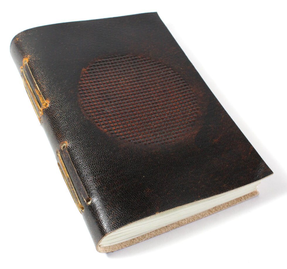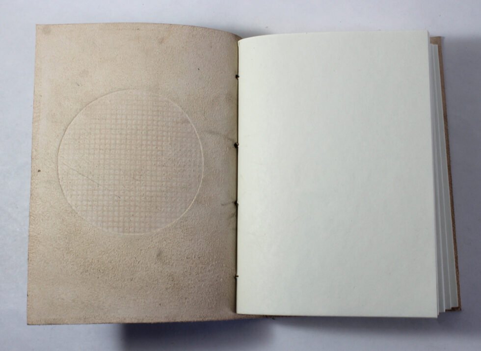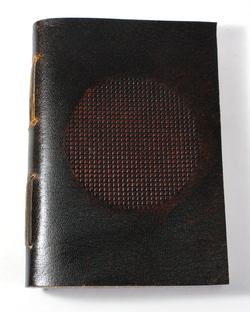 TC goat leather journal. Hard bound with 80 sheets / 160 pages cotton recycled handmade paper, which is acid free / wood free. A truly wonderful smooth paper to write upon and never bleeds with the ink. On the cover, tiny checks are embossed in circle form.
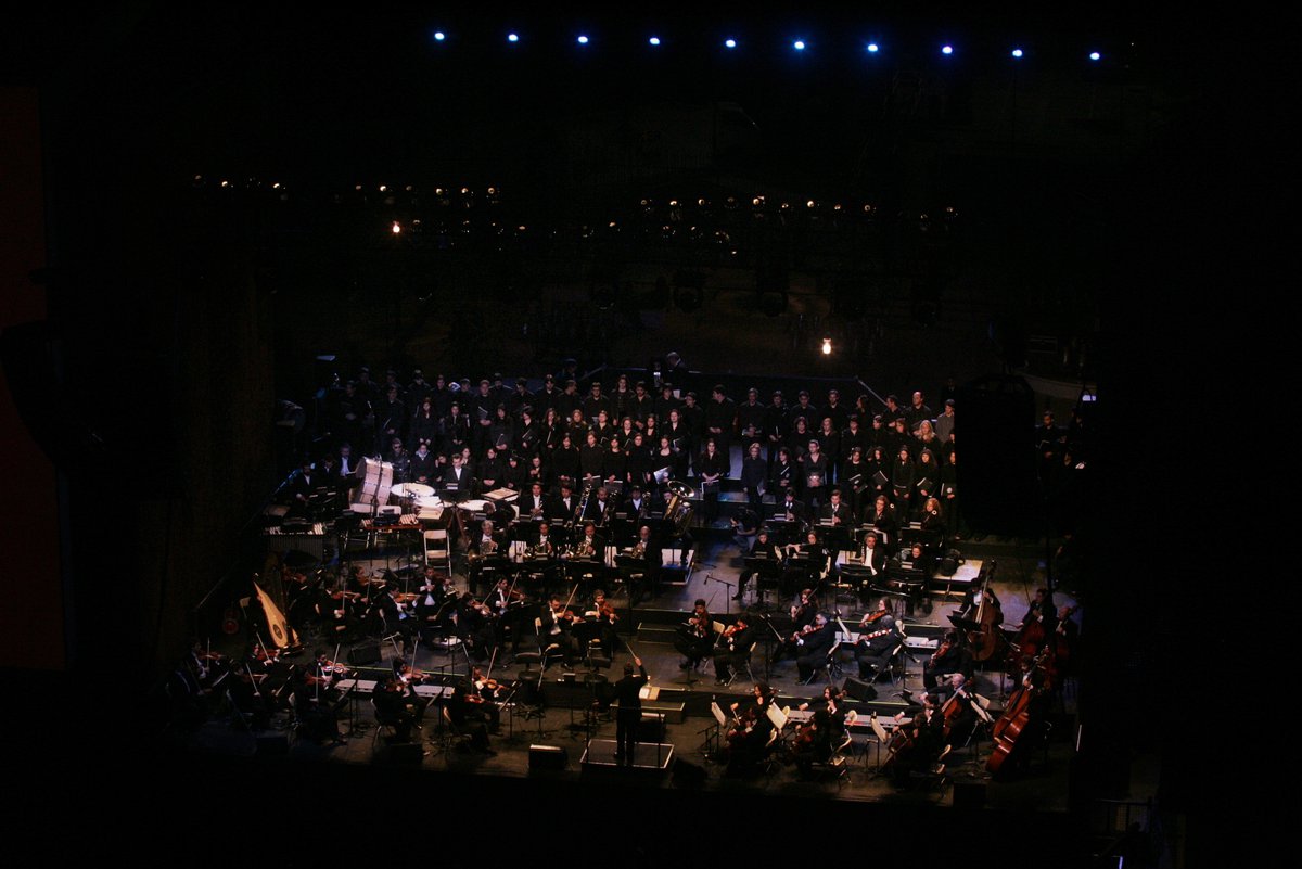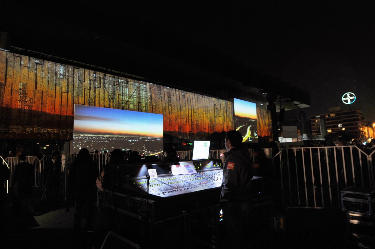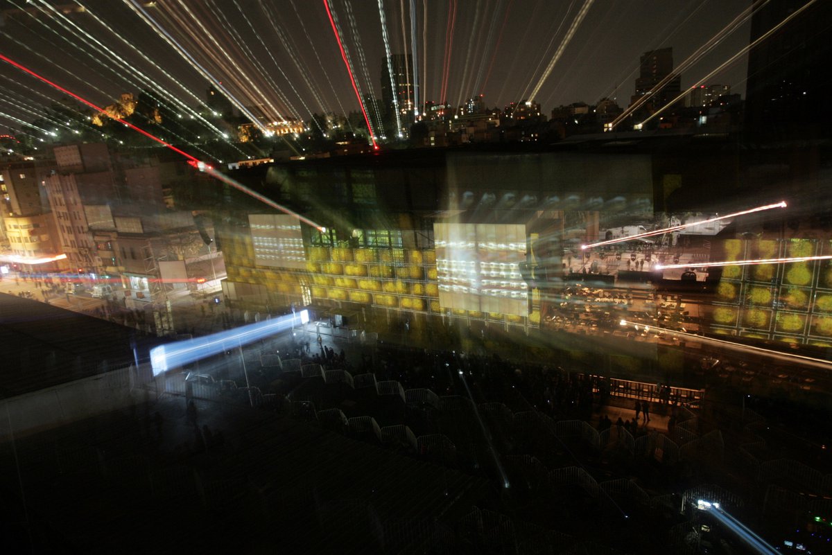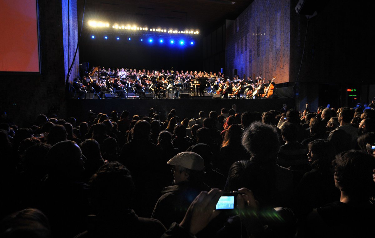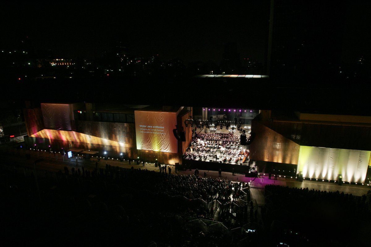 El edificio del centro cultural sirvió de telón y escenario para proyecciones visuales y un concierto que recreó versiones sinfónicas de los catálogos de Violeta Parra y Víctor Jara a cargo de la Orquesta de la Universidad de Concepción (bajo la dirección del maestro Rodolfo Fischer), los cantantes Claudia Acuña y Manuel García, y los coros de la USACH y UNAB.
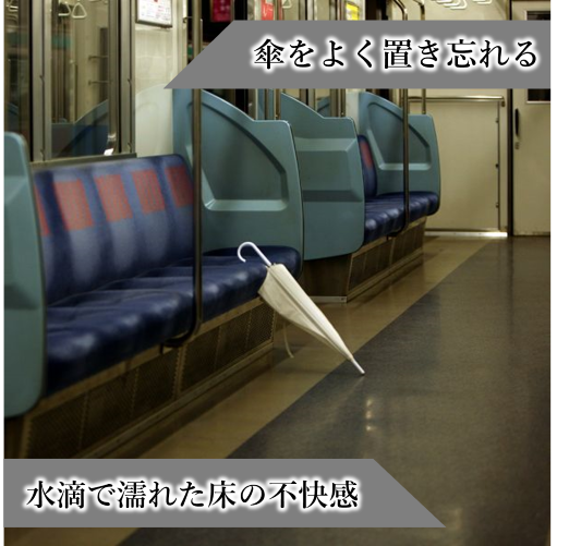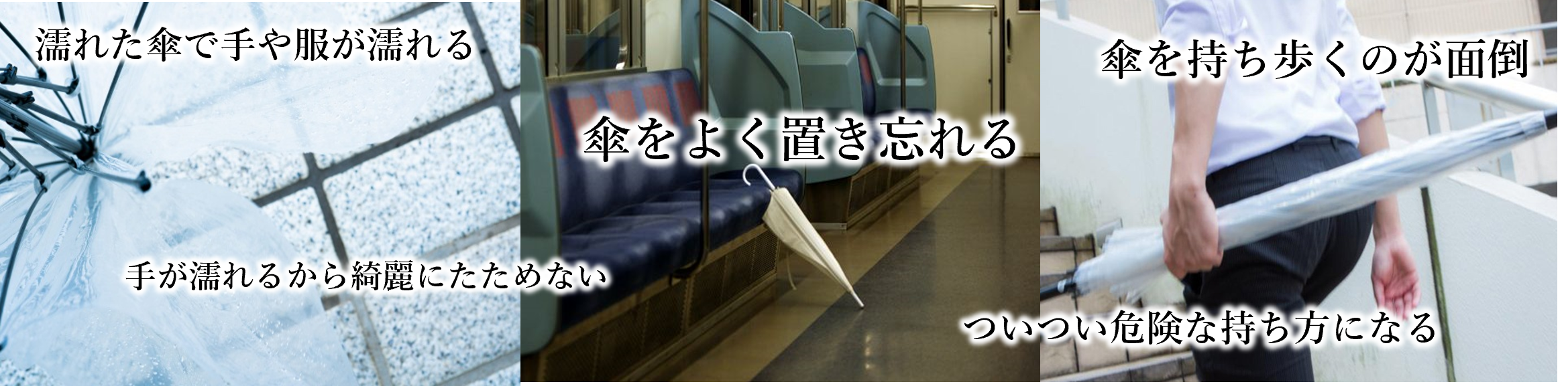 傘の「不」を解決する事で、電車やバスでの傘の置き忘れの削減、傘用ビニール袋の削減が可能になります。
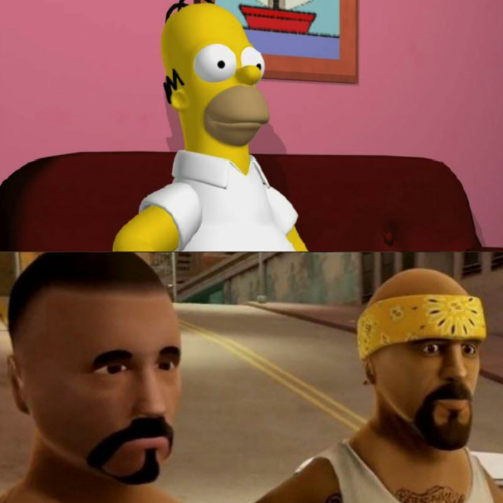 در واقع وقتی که از طراحی بد شخصیتهای بازی ریمستر جی تی ای سن آندرس حرف میزنیم، مشکل فقط داشتن ظاهر خندهدار با کلهای کوچک و بدنی پهن نیست، بلکه اگر دقت کنید، مدل صورت کاراکترها خندهدارتر از چیزی است که فکرش را میکردیم! به عنوان مثال، میتوانید تصویر فوق را در نظر داشته باشید که چهره دو شخصیت این عنوان را با مدل صورت هومر سیمپسون (Homer Simpson) در بازی فوقالعاده قدیمی The Simpsons: Hit And Run مقایسه میکند. نتیجه کار یک شباهت عجیب است نه؟

________________________

* _Brief_:
Nothing but the lines from the line with "傘の「不」を解決する事で、電" through the last line of the listing above should be repeated, and pictures should be left out.

* _Reply_:
 傘の「不」を解決する事で、電車やバスでの傘の置き忘れの削減、傘用ビニール袋の削減が可能になります。
 در واقع وقتی که از طراحی بد شخصیتهای بازی ریمستر جی تی ای سن آندرس حرف میزنیم، مشکل فقط داشتن ظاهر خندهدار با کلهای کوچک و بدنی پهن نیست، بلکه اگر دقت کنید، مدل صورت کاراکترها خندهدارتر از چیزی است که فکرش را میکردیم! به عنوان مثال، میتوانید تصویر فوق را در نظر داشته باشید که چهره دو شخصیت این عنوان را با مدل صورت هومر سیمپسون (Homer Simpson) در بازی فوقالعاده قدیمی The Simpsons: Hit And Run مقایسه میکند. نتیجه کار یک شباهت عجیب است نه؟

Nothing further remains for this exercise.